As for defendants' claim of ownership under the prescription of thirty years' acquirendi causa, I take the position that the requisite possession has not been established. There is testimony that Blouin, commencing at a time, which may be estimated at about thirty years ago and for several years thereafter, collected rent from the occupant of a shanty, which it is claimed stood on the Arceneaux square. It is not certain that the shanty stood on the Arceneaux square. Ownership and title to immovable property must be established with certainty. The character of possession necessary for the prescription of thirty years is provided by the Civil Code, art. 3499 et seq. The possession must be actual and unequivocal. It does not seem to me that unequivocal possession has ever existed on the part of defendants.

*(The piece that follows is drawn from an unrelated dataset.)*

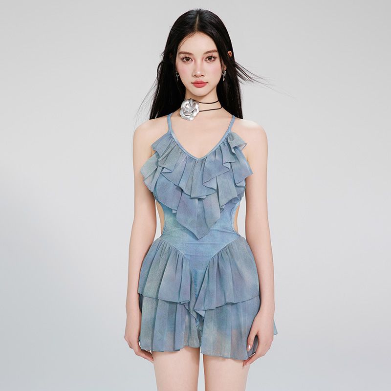 女性用水着 新しいワンピーススカートスタイル Vネック セクシー 高級 痩身 お腹カバー ノースリーブ 温泉休暇水着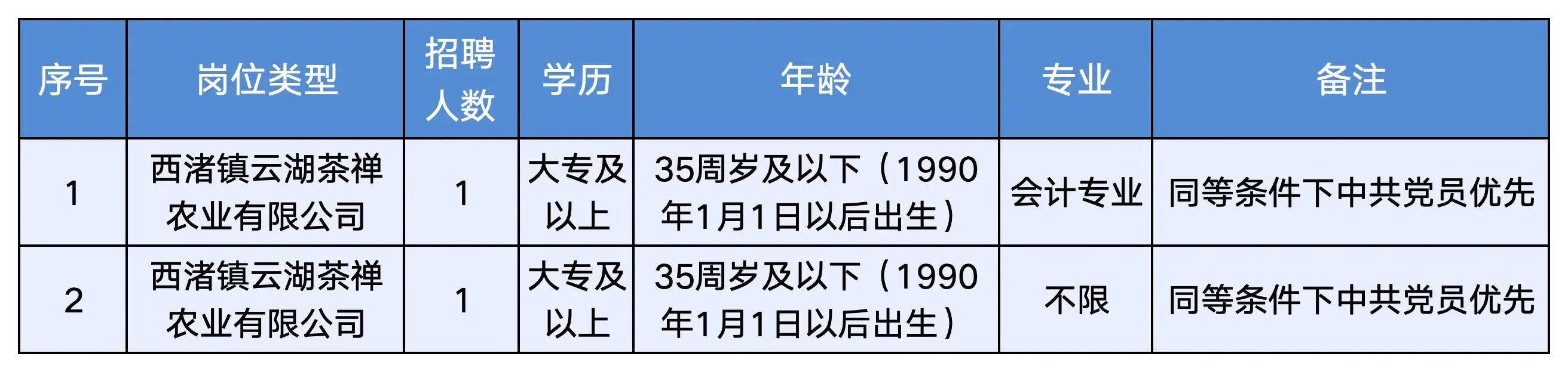 5、具有崗位要求的其他條件(詳見下方《2025年西渚鎮公開招聘云湖茶禪農業有限公司工作人員崗位簡介表》)。

Then again plaintiffs produced in rebuttal six witnesses, to wit, S. D. Hogue, D.J. Kelleher, E.D. Aricer, Mary Stannard, Franklin Sevier, and Mina Buckel, who testified that they had known the Arceneaux square for many years, I estimate from their testimony from twenty-five to forty years, except Mina Buckel, who says she has known it longer. The five witnesses first named declared that there had not been, during that time, any house on the Arceneaux square.
Mina Buckel testified that she knew the Arceneaux square during the Civil War; that during the war there was an old hut there and it stayed there possibly three or four years. That was before it was sold for taxes, but she said that she hadn't seen any house on it since. This witness remembered that the property was sold for taxes.
I think the preponderance of the proof on the subject is with the plaintiffs. I am satisfied that the Arceneaux square was supposed to have been sold for taxes, but I think the result of the showing is that the supposition was not well founded. There is no certainty in Blouin's claim about collecting rent for a shanty on the Arceneaux square. He may have supposed the shanty on the Arceneaux square, but the preponderance of the proof is against his claim. The other findings of fact and circumstances noted in the opinion of the court are conceded. I concede that when it is shown that property has been sold for delinquent taxes and the description in the assessment and tax title is incorrect, if *Page 750 
there be in the assessment and tax title a description sufficient to form a foundation for title, proof may then be offered aliunde to show that it is none other than the property of the tax debtor, but contend that a proper foundation for such proof does not exist in this case. I think the judgment appealed from is erroneous, and that there should be judgment in favor of the plaintiffs as prayed for.